I designed the structures to hold data on user-behaviour, and wrote the code to populate these structures. The raw data-feed is the click-stream (URL hits) by users. From this raw data, many interesting facets of user-behaviour may be extracted. This included inferring `sessions' by the user and also heuristically assigning unauthenticated hits to users based on the pattern of authenticated hits from particular I.P. addresses. I managed one person in this work.
In addition, I constructed models of user-behaviour in terms of a user's `lifetime' on the site.
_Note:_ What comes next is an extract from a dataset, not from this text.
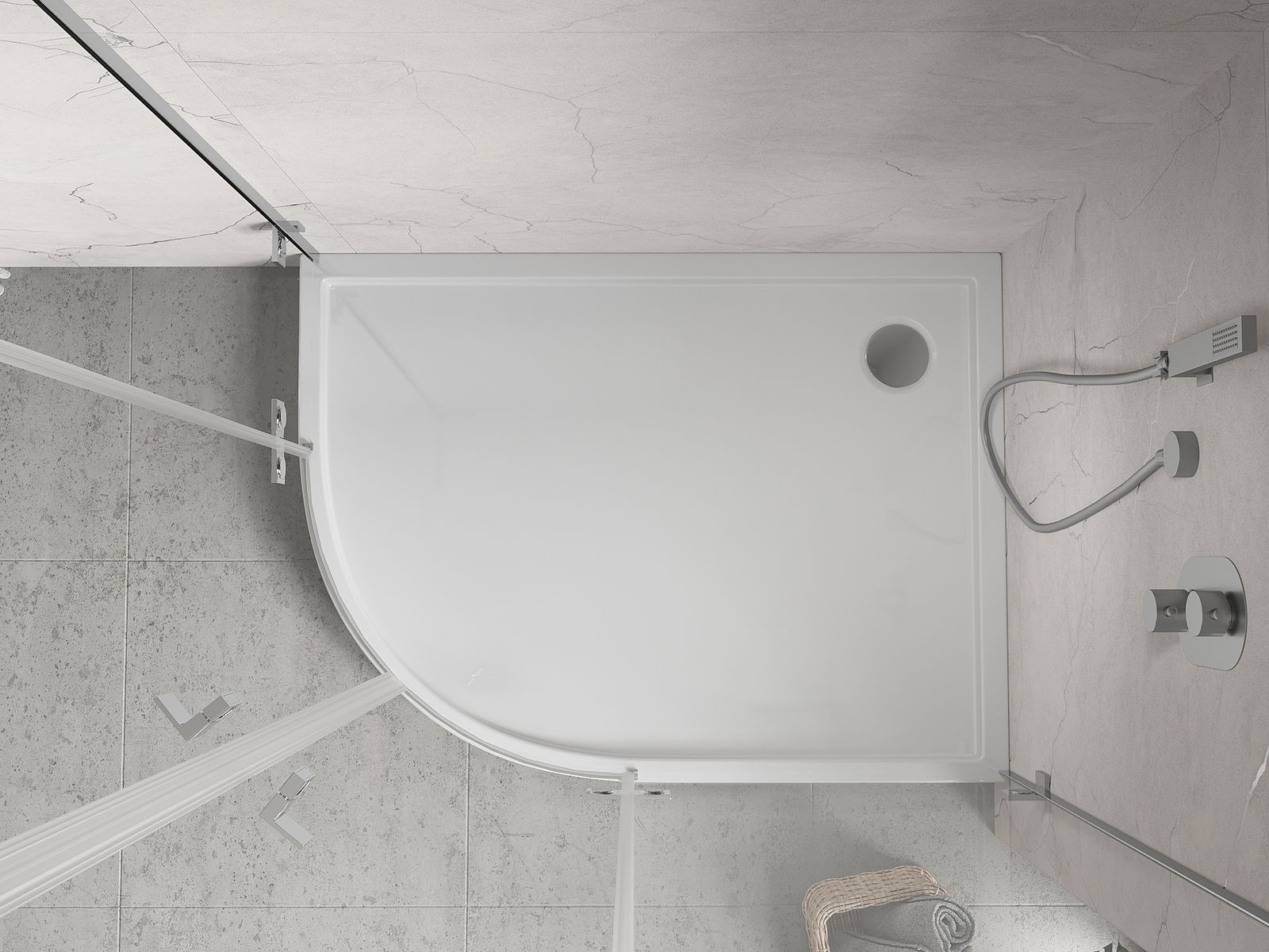 Mexen Flow+ puoliympyrän muotoinen epäsymmetrinen suihkualusta oikea 90 x 80 cm, valkoinen kiiltävä - 46Q108090RH

These models were illustrated by tabular reports and graphical representations.
Some of this work involved writing complex SQL queries, such as the following:
select /*+ ORDERED INDEX_DESC(t2 ML_HOSTACC) */ t1.host_addr, t1.member_id, begin_date, max(t2.acc_date) from (select host_addr, member_id, min(acc_date) begin_date from member_logins where (host_addr, member_id) in (select host_addr, member_id from member_logins where acc_date > '1996-12-20') group by host_addr, member_id having max(acc_date) - min(acc_date) > 14) t1, member_logins t2 where t1.host_addr = t2.host_addr and begin_date <= t2.acc_date and t1.member_id <> t2.member_id (+) group by t1.host_addr, t1.member_id, t1.begin_date
Rujith de Silva 1997-05-13